EXERCISE AIM → An exact copy, beginning at the line containing "Hermes Bearn Soufflet" and ending at the final line of the records that follow, is the answer; it has no pictures and no other text.

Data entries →
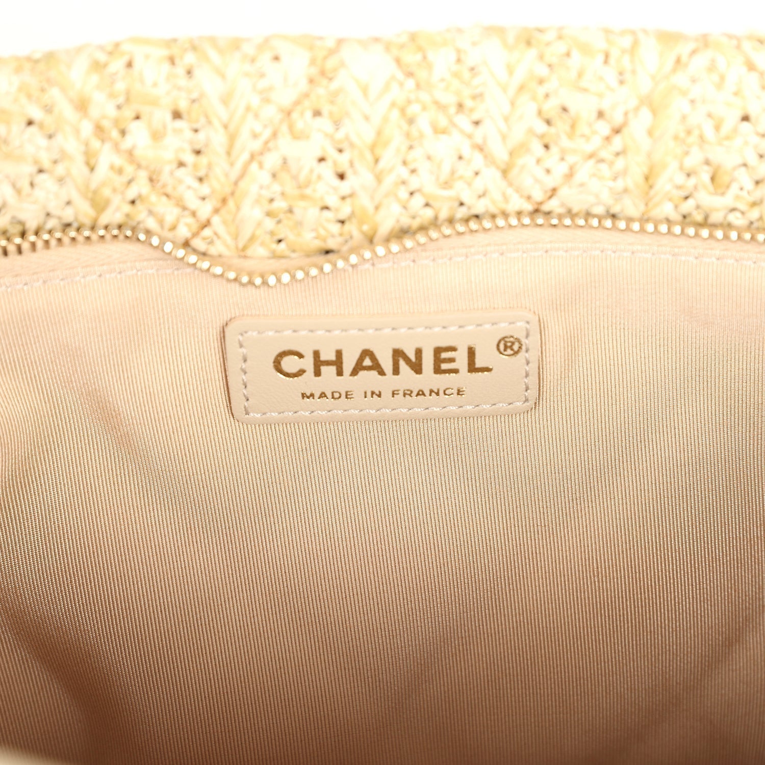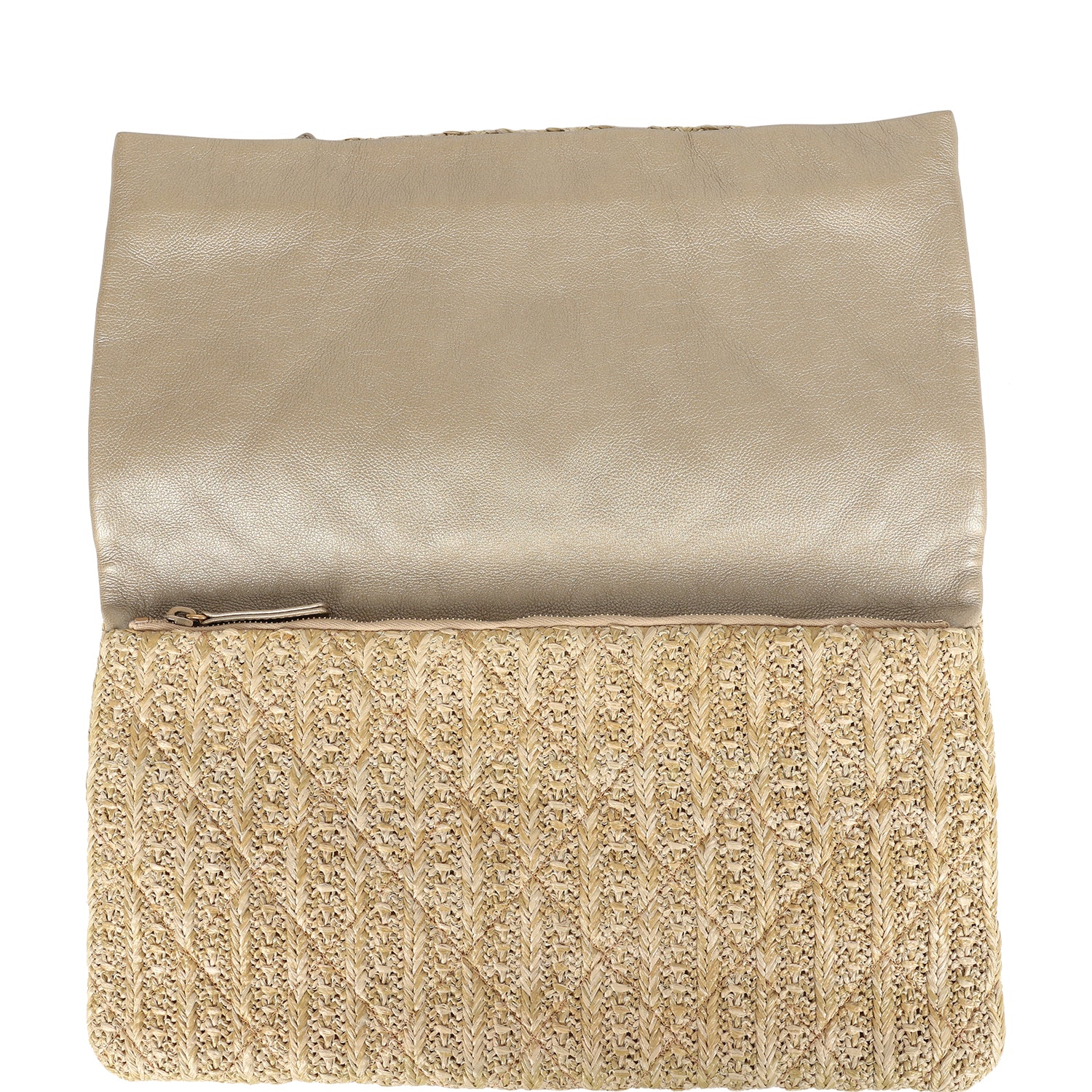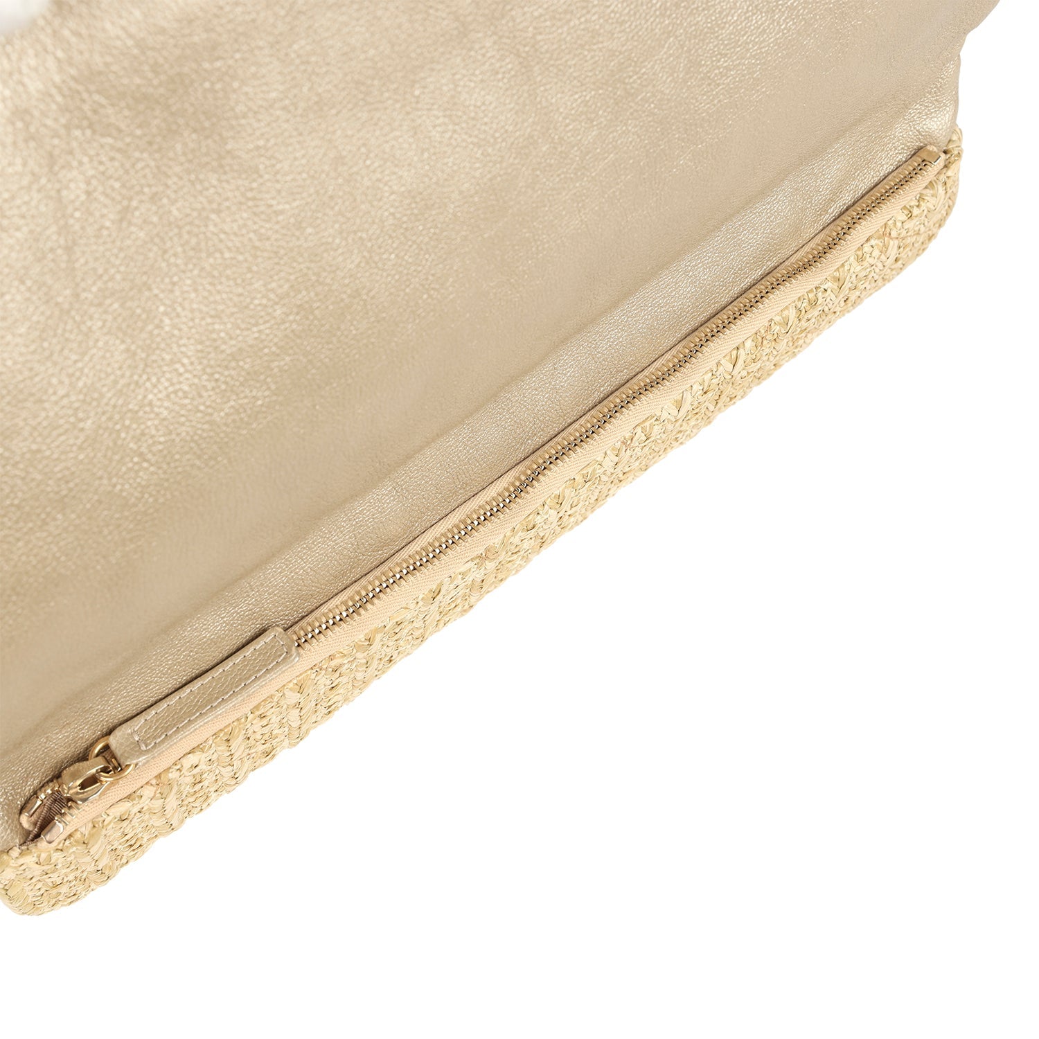 Chanel CC Woven Clutch Gold Natural Raffia Antique Gold Hardware
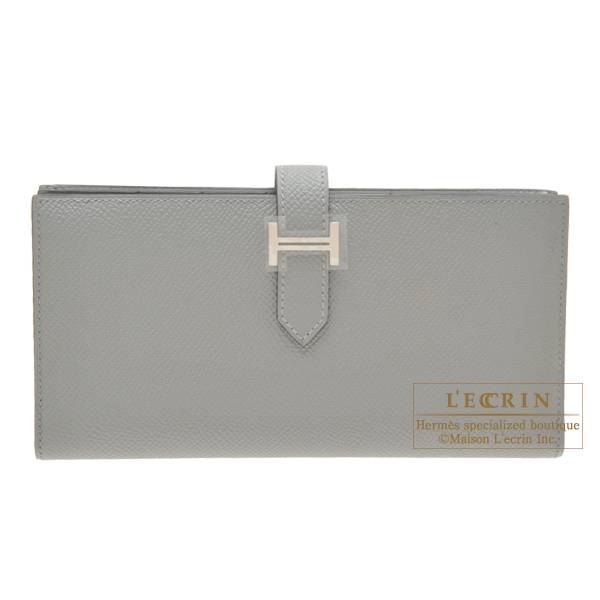 Hermes Bearn Soufflet Gris mouette Epsom leather Silver hardware
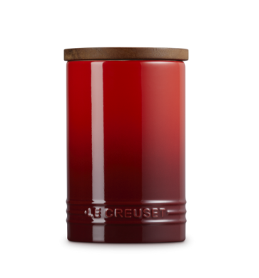 Den här förvaringskrukan från Le Creuset finns i fyra storlekar och har ett elegant lock i akaciaträ och en tätningsring i silikon som håller innehållet fräscht och skyddat från fukt. Perfekt för förvaring av te, kaffe, socker och läckra snacks! Komplettera din samling och få extra förvaring med vår snygga bestick- och redskapskruka.
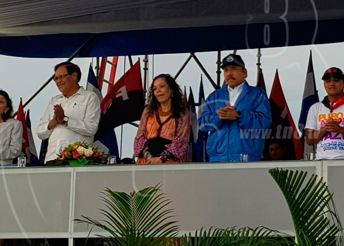 Muy buenas tardes Nicaragua; estimado Señor Presidente de la República, Compañero Comandante Daniel Ortega Saavedra; estimada Compañera Vicepresidenta, Compañera Rosario Murillo; estimado Canciller de Nicaragua, Denis Moncada; estimada Vicecanciller Arlette Marenco; estimados Funcionarios del Gobierno de Nicaragua; Compañero Milthon Ruiz, Coordinador Nacional de la Juventud; queridos Jóvenes; mi estimada y querida esposa Vicenta; querido Pueblo de Nicaragua; queridos Compañeros Compatriotas salvadoreños residentes en este Hermano País.
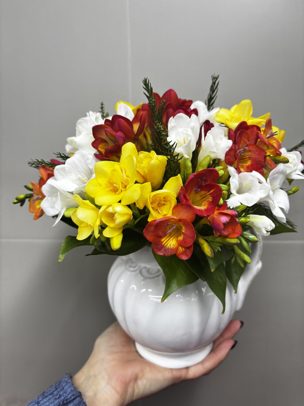 Фрезия в керамическом кашпо
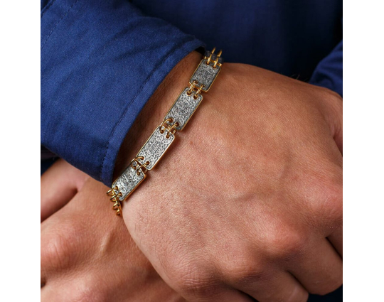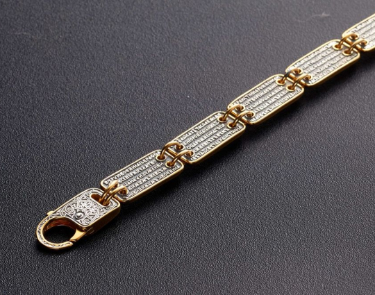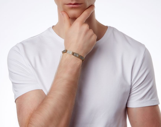 Между собой пластины скрепляются небольшими парными колечками, покрытыми позолотой. Это зрительно облегчает конструкцию браслета и, поэтому, его можно носить как мужчинам, так и женщинам.

COMPLETED EXERCISE →
 Hermes Bearn Soufflet Gris mouette Epsom leather Silver hardware
 Den här förvaringskrukan från Le Creuset finns i fyra storlekar och har ett elegant lock i akaciaträ och en tätningsring i silikon som håller innehållet fräscht och skyddat från fukt. Perfekt för förvaring av te, kaffe, socker och läckra snacks! Komplettera din samling och få extra förvaring med vår snygga bestick- och redskapskruka.
 Muy buenas tardes Nicaragua; estimado Señor Presidente de la República, Compañero Comandante Daniel Ortega Saavedra; estimada Compañera Vicepresidenta, Compañera Rosario Murillo; estimado Canciller de Nicaragua, Denis Moncada; estimada Vicecanciller Arlette Marenco; estimados Funcionarios del Gobierno de Nicaragua; Compañero Milthon Ruiz, Coordinador Nacional de la Juventud; queridos Jóvenes; mi estimada y querida esposa Vicenta; querido Pueblo de Nicaragua; queridos Compañeros Compatriotas salvadoreños residentes en este Hermano País.
 Фрезия в керамическом кашпо
 Между собой пластины скрепляются небольшими парными колечками, покрытыми позолотой. Это зрительно облегчает конструкцию браслета и, поэтому, его можно носить как мужчинам, так и женщинам.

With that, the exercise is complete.